F. Advancement Flap Surgeries
The success of Flap shifting techniques in the treatment of Perianal Fistulas is related to the selection of the appropriate patient and the experience of the physician who will perform the application in this regard. This technique should not be performed in some patient groups. The aim of the surgery is to ensure that an island lining the inner surface of the anal canal and on the skin side is released and the inner mouth of the fistula is closed.
•Presence of proctitis (Crohn's disease) and high-dose steroid use
•Presence of undrained abscess foci
•Presence of fistula history of less than 4 weeks
•Presence of persistent secondary fistula tracts
•Perianal fistulas due to cancer or radiation
•A defect in the anal muscles due to previous surgery
What is a Horseshoe Fistula?
Horseshoe fistula is the most complete fistula among anal fistula patients.
Horseshoe abscess and fistulas, which should be discussed as a separate title among perianal fistula diseases, are difficult to treat. It is a fistula type that requires experience, has a low chance of success and carries a risk of complications.
They are horseshoe-shaped abscesses that surround the anus from the anatomical spaces around the anus.

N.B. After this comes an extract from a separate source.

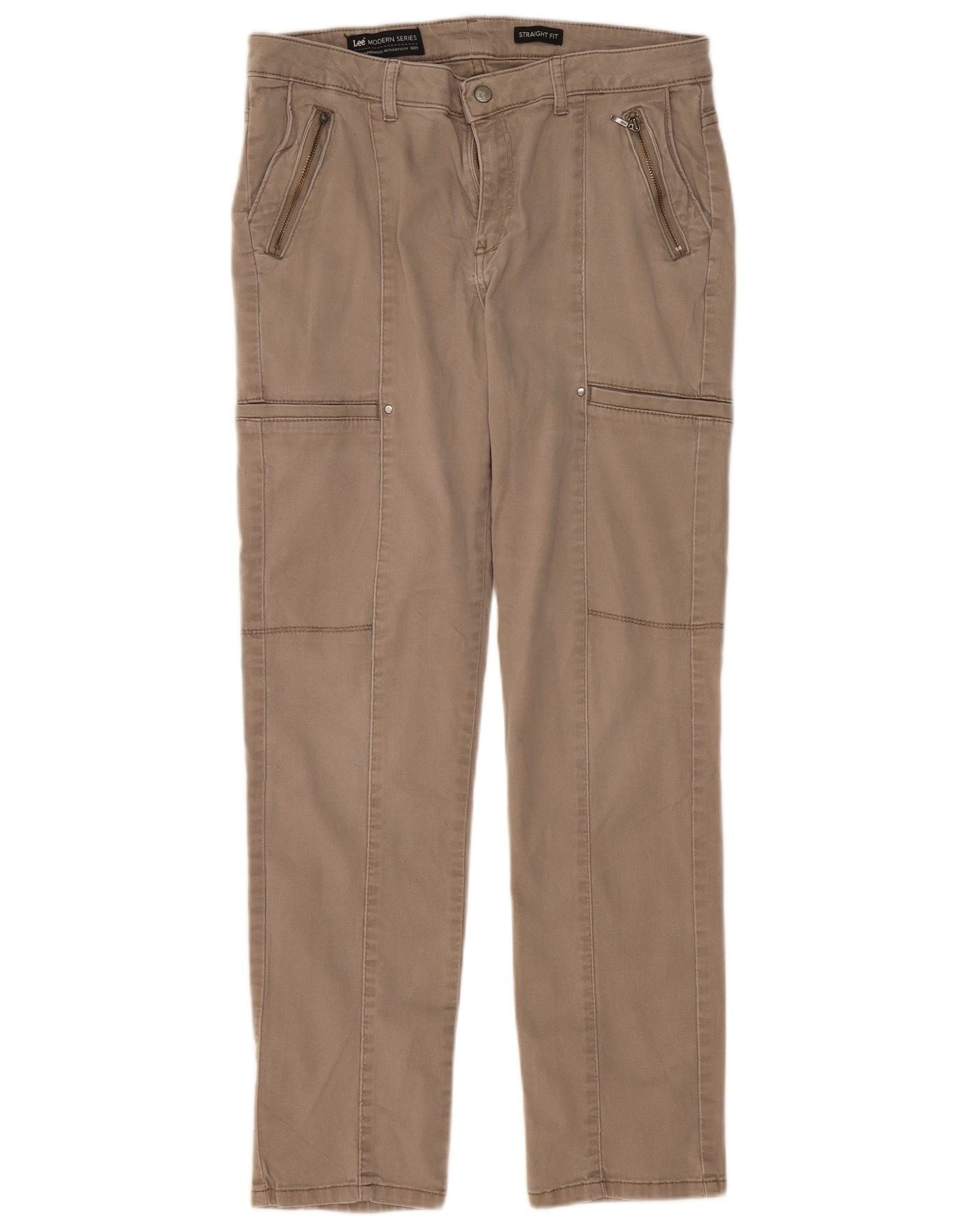 Lee Womens Modern Series Straight Cargo Trousers US 12 Large W32 L29 Beige

Horseshoe fistula surgery is a surgery that should be performed by experienced and experienced physicians in this field. The surgeon who deals with proctology and the patient should be patient during the treatment process.
The patient should be followed closely. Revisions should be made without delay when necessary.

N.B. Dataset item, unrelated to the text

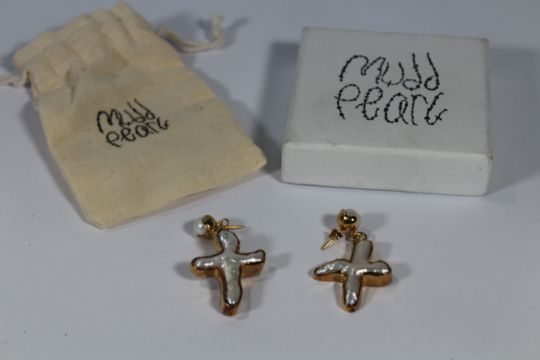 A pair of Mudd Pearl Gold Plated Cross stud earrings with cross drops.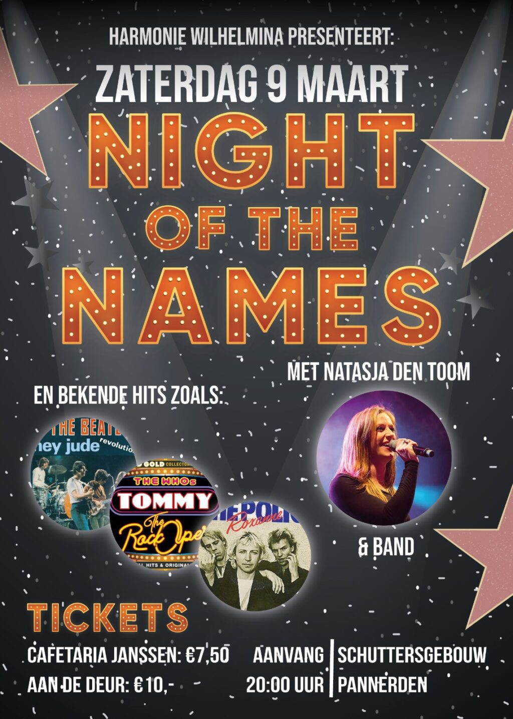 Harmonie Wilhelmina uit Pannerden maakt zich op voor een avond tussen de sterren. Tijdens de Night of the Names op 9 maart wordt de schutterstent in het Liemerse dorpje omgetoverd tot een Hollywoodwaardige feestzaal. Roze sterren tooien de ruimte terwijl bekende hits als Hey Jude, Valerie of Rosanna door de zaal schallen. Wat hebben deze nummers met elkaar gemeen? Zoals de titel van de avond al doet vermoeden, hebben alle liedjes een naam in de titel. Dit is hét moment om je in Pannerden tussen de grote sterren te wanen!

There is always a risk of gas and fecal incontinence in such serious fistulas. The surgeon's experience, the selection of the ideal technique for the patient, diabetes, ischemic diseases, smoking, and not having had fistula surgery before are the most important factors affecting the success of the treatment.
I have been diagnosed with Anal Fistula, what happens if I do not undergo surgery?
The treatment of anal fistula is surgical. If surgery is not performed, the patient will first experience discharge, itching, and hygiene problems that will reduce their quality of life. In addition, frequent abscess attacks and each abscess attack may cause new fistulas that can reach new areas. Therefore, treatment may be more difficult over time and may result in higher complication risks.
What are the risks of Anal Fistula surgery?
The aim of anal fistula surgery is to eliminate the fistula. Of course, while providing this, it is extremely important to maintain continence (ability to hold gas and stool). Anal fistula surgery is an operation that requires experience, and it is important that it is performed by experienced proctologists.